## Your assignment
Copy exactly the lines of the data below, beginning with the line with "湯山さんは相洋高校(中高一貫" and ending with the line with "Discover the energy". Pictures are to be omitted.
------------------------------
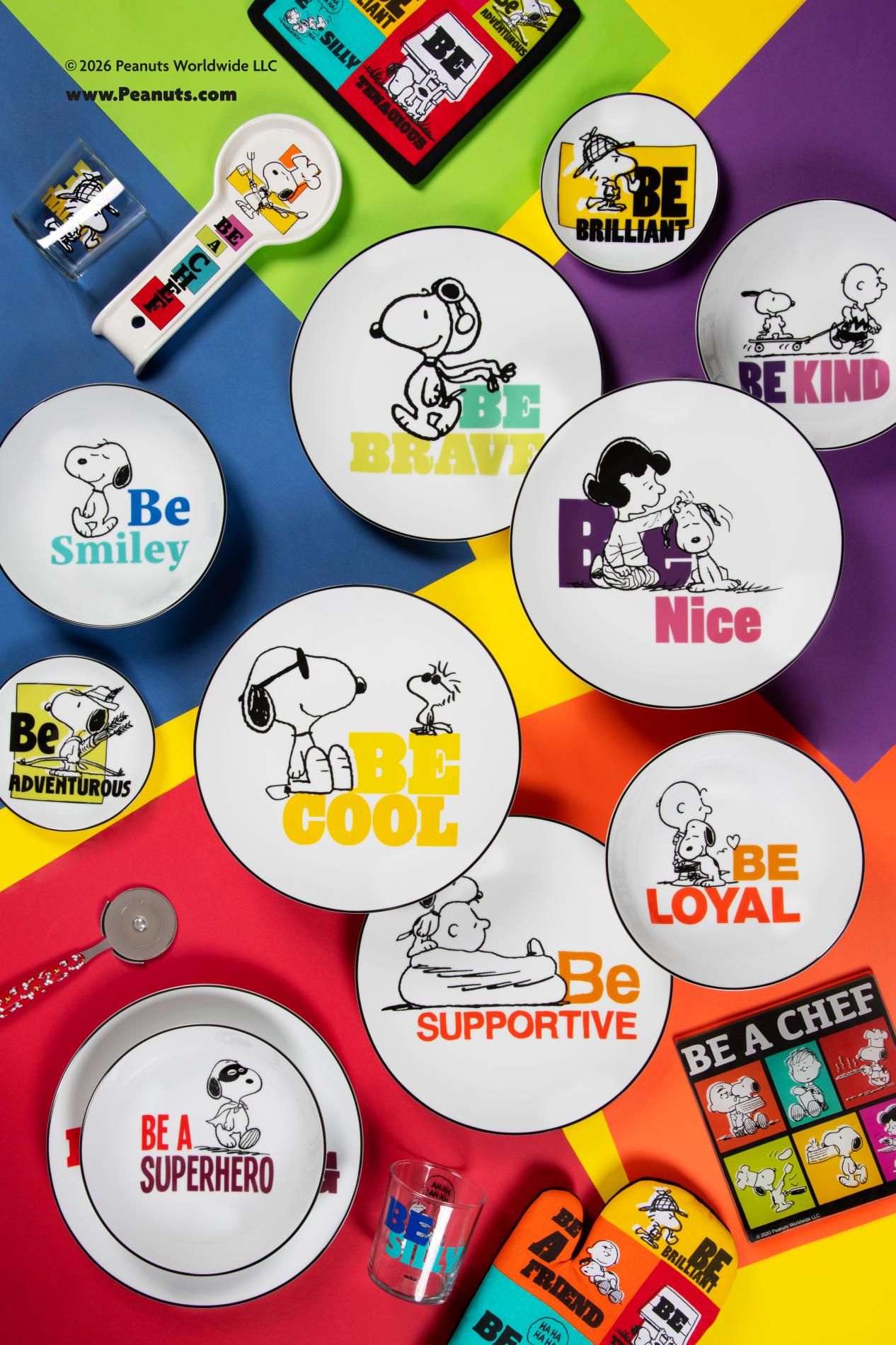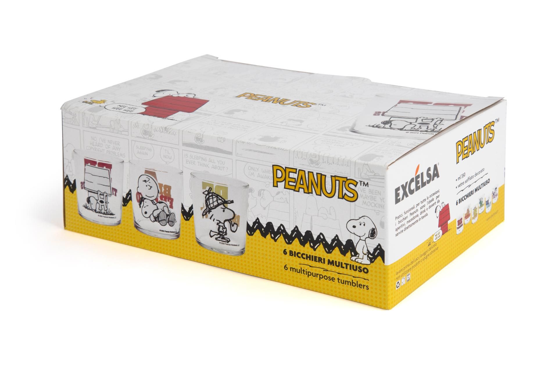 Peanuts di Excélsa è il set da 6 pezzi di bicchieri acqua in vetro trasparente con decorazioni a tema. Snoopy e la gang di amici storici decorano ogni bicchiere con una frase motivazionale.
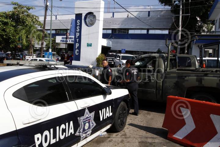 ACAPULCO, GUERRERO, 13MAYO2014.- Mas de Mil 500 elementos policiacos pertenecientes a la Secretaría de Seguridad Pública y Protección Civil (SSPPC) municipal, comenzaron el proceso de evaluación y certificación con miras a su integración al mando único de policía, mediante la aplicación de un examen toxicológico efectuado de manera sorpresiva. A las 8 horas en las instalaciones de la SSPPC municipal, arribaron elementos de la Fuerza Estatal, policía federal y Ejército Mexicano, para realizar labores de vigilancia y control en el exterior e interior de la corporación. FOTO: BERNANDINO HERNÁNDEZ /CUARTOSCURO.COM
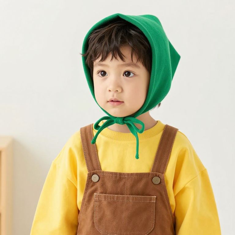 Boy wearing a yellow outfit with a green bonnet and brown overalls.
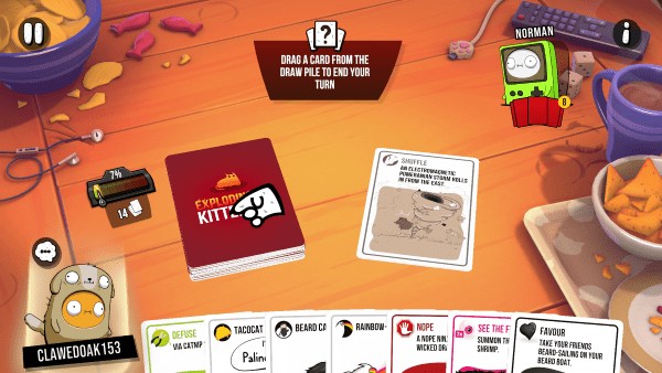 2、抽签完成这一轮。当然,使用skip可以让你跳过这一轮,而不必玩或抽牌,你总是冒着遇到炸弹猫的风险。
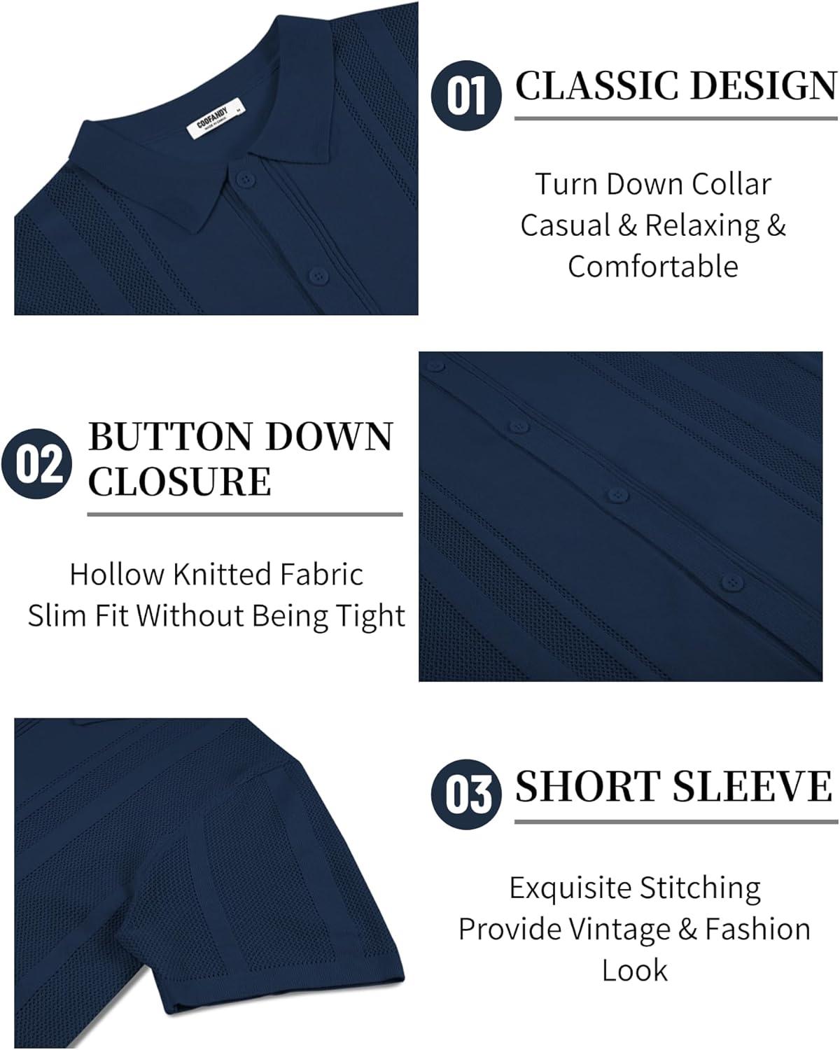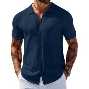 COOFANDY Mens Short Sleeve Dress Shirts Button Down Shirts Regular Fit Business Casual Shirt with Pocket(Navy)
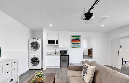 Enjoy easy access to everything from this centrally located place. This newly renovated guest/mother-in-law suite is perfect for smaller-sized groups. It's equipped with a washer, dryer, wifi, smart tv, compact kitchen, bedroom, bathroom, private entrance, designated parking spaces, and self-check-in. The stay is located only mins away from Disneyland and Anaheim Convention Center!
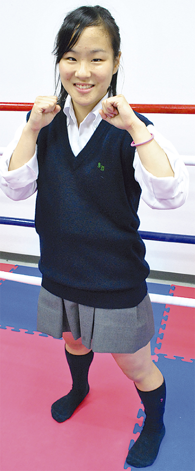 湯山さんは相洋高校(中高一貫コース)に通う3年生。中学3年の3月からキックボクシングを始め、わずか2年半でプロの資格を取得した。身長144cmと小柄。制服姿からはキックボクサーとしてリングに上がる姿を想像することができない。
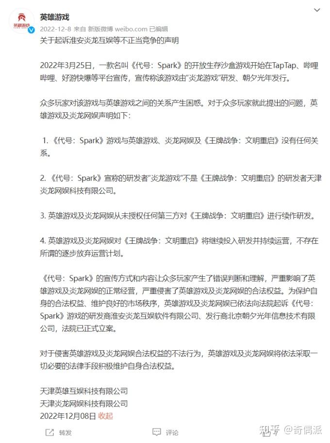 去年朝夕光年发行的开放生存沙盒游戏《代号:SPARK》,官宣开发商炎龙游戏,还被英雄互娱指责蹭热度。
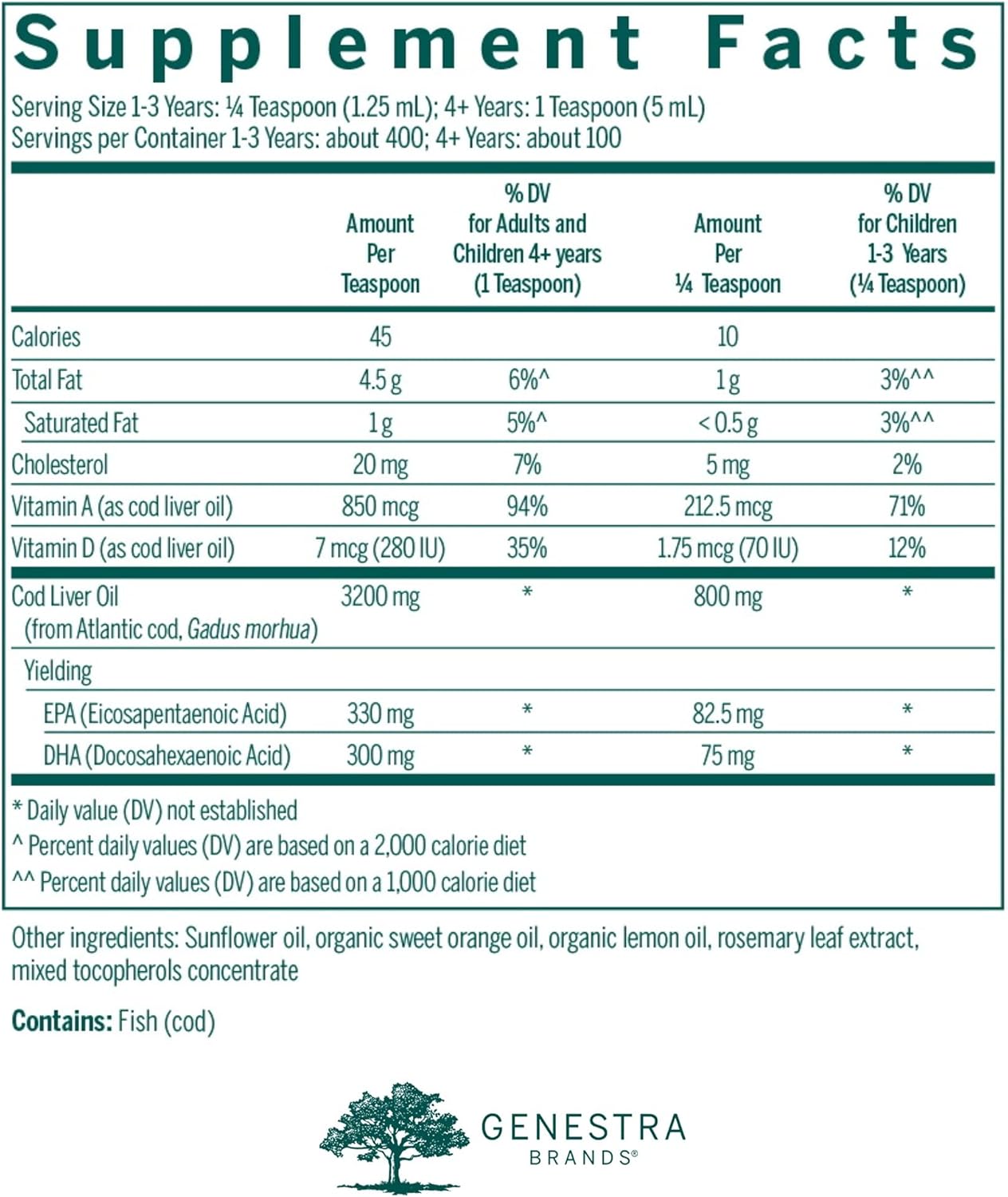 Genestra Brands Cod Liver Oil Forte | Vitamin + Essential Fatty Acid Supplement | 16.9 Fl. Oz
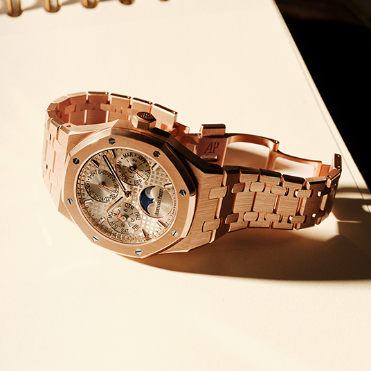 仕様:時・分表示、パーペチュアルカレンダー(曜日、日付、ムーンフェイズ、月、閏年)、グランドタペストリー模様のベージュダイヤル、ベージュのサブダイヤル、蓄光加工が施された18Kピンクゴールドのアワーマーカーとロイヤル オーク針、18Kピンクゴールドのインナーベゼル、反射防止加工サファイアクリスタルとケースバック
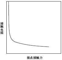 接触电阻根据接点接触力而变化, 下图表示了其关系。接点接触力变大的话接触电阻变得较稳定(变小), 相反当接触力变小的话就开始变得不稳定(变大)。
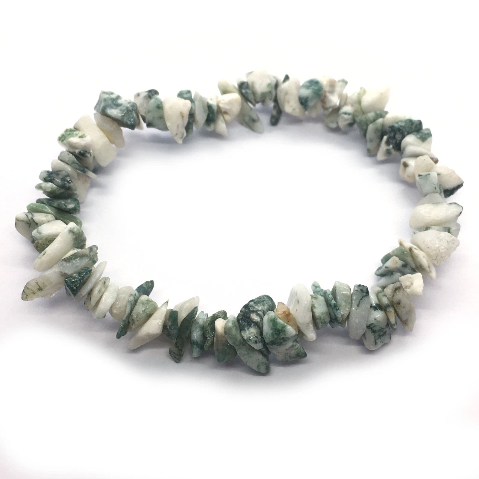 Discover the energy of Moss Agate, the Stone of Abundance. Encourages tranquility and emotional balance; connected with nature and prosperity. Thoughtfully handcrafted with genuine crystal chips, this bracelet brings a refined, meaningful touch to everyday wear.
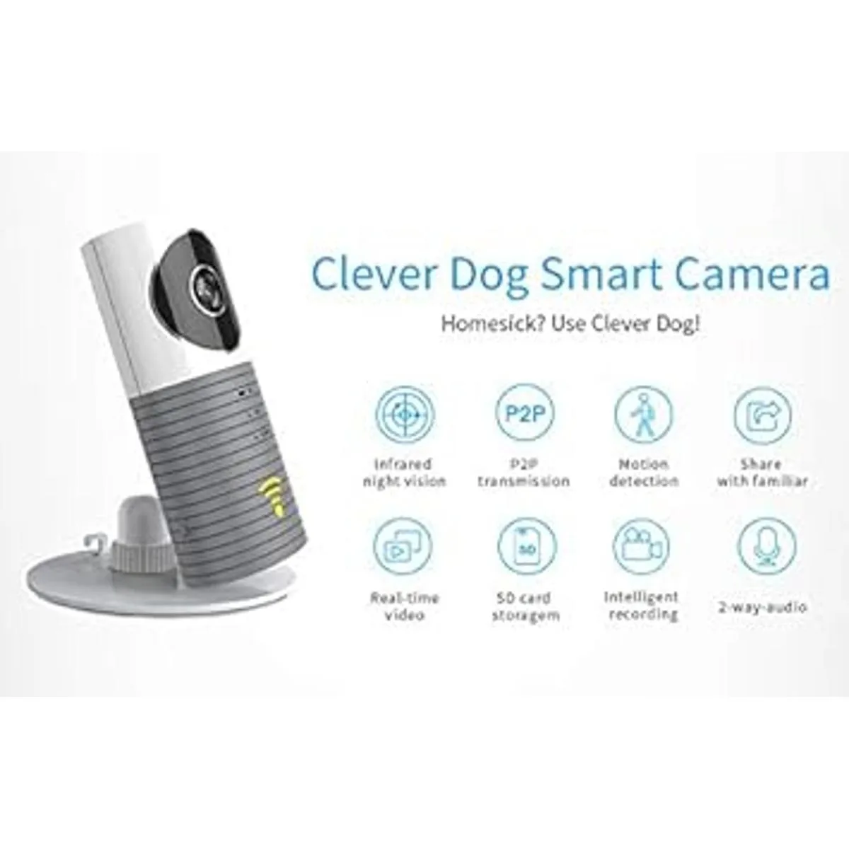 Clever Dog Cámara Wifi, cámara de niñera para mascotas pequeñas con audio y video, aplicación de teléfono celular, gran angular, sensor de movimiento, visión nocturna, interior, cámara barata para seguridad en el hogar, cachorro, monitor de bebé
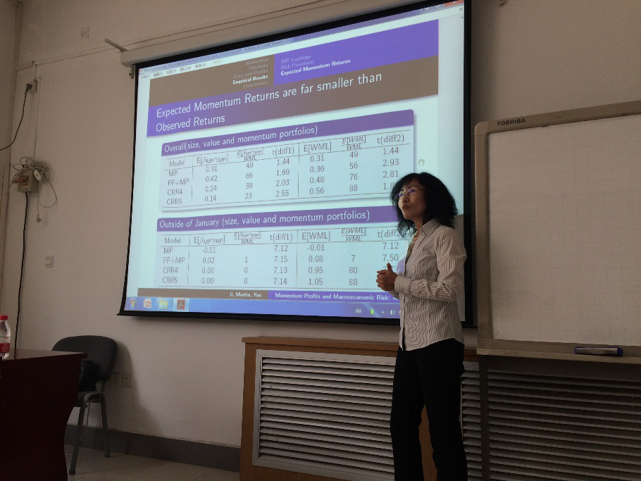 20日下午和晚上,姬秀青副教授、李蓝教授、张宏霖教授和周至研究员分别以“Time Series Momentum: More Evidence”、《大数据对旅游与酒店业的影响》、《全球化下的创新之道》、《随机模型在电力市场运营中的应用》为题,为我院教师和学生做了学术报告,我院部分教师及相关专业的学生参加了讲座。
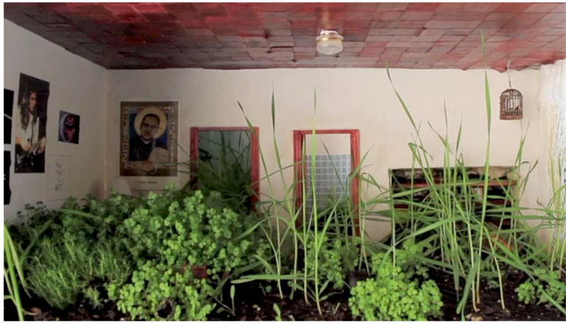 Childhood Bedroom is a reconstruction from memory of the artist's childhood home, a place that no longer exists as she remembers it, a place that she abandoned in a haste. The model was made with foam board, wood, cloth, glue, paper, gesso, and digital photographs that recreated her childhood posters placed on the wall. The model was filled with soil, baby tears, and wheat grass seeds, and was watered and filmed on a daily basis for a period of three months until the pristine place of memory was transformed by the lush garden into a different representation of life. The video speaks about the ways in which memory is able to reconstruct a space. However, it also explores the process of forgetting as the space was abandoned and destroyed. |
------------------------------
## Response to this task
 湯山さんは相洋高校(中高一貫コース)に通う3年生。中学3年の3月からキックボクシングを始め、わずか2年半でプロの資格を取得した。身長144cmと小柄。制服姿からはキックボクサーとしてリングに上がる姿を想像することができない。
 去年朝夕光年发行的开放生存沙盒游戏《代号:SPARK》,官宣开发商炎龙游戏,还被英雄互娱指责蹭热度。
 Genestra Brands Cod Liver Oil Forte | Vitamin + Essential Fatty Acid Supplement | 16.9 Fl. Oz
 仕様:時・分表示、パーペチュアルカレンダー(曜日、日付、ムーンフェイズ、月、閏年)、グランドタペストリー模様のベージュダイヤル、ベージュのサブダイヤル、蓄光加工が施された18Kピンクゴールドのアワーマーカーとロイヤル オーク針、18Kピンクゴールドのインナーベゼル、反射防止加工サファイアクリスタルとケースバック
 接触电阻根据接点接触力而变化, 下图表示了其关系。接点接触力变大的话接触电阻变得较稳定(变小), 相反当接触力变小的话就开始变得不稳定(变大)。
 Discover the energy of Moss Agate, the Stone of Abundance. Encourages tranquility and emotional balance; connected with nature and prosperity. Thoughtfully handcrafted with genuine crystal chips, this bracelet brings a refined, meaningful touch to everyday wear.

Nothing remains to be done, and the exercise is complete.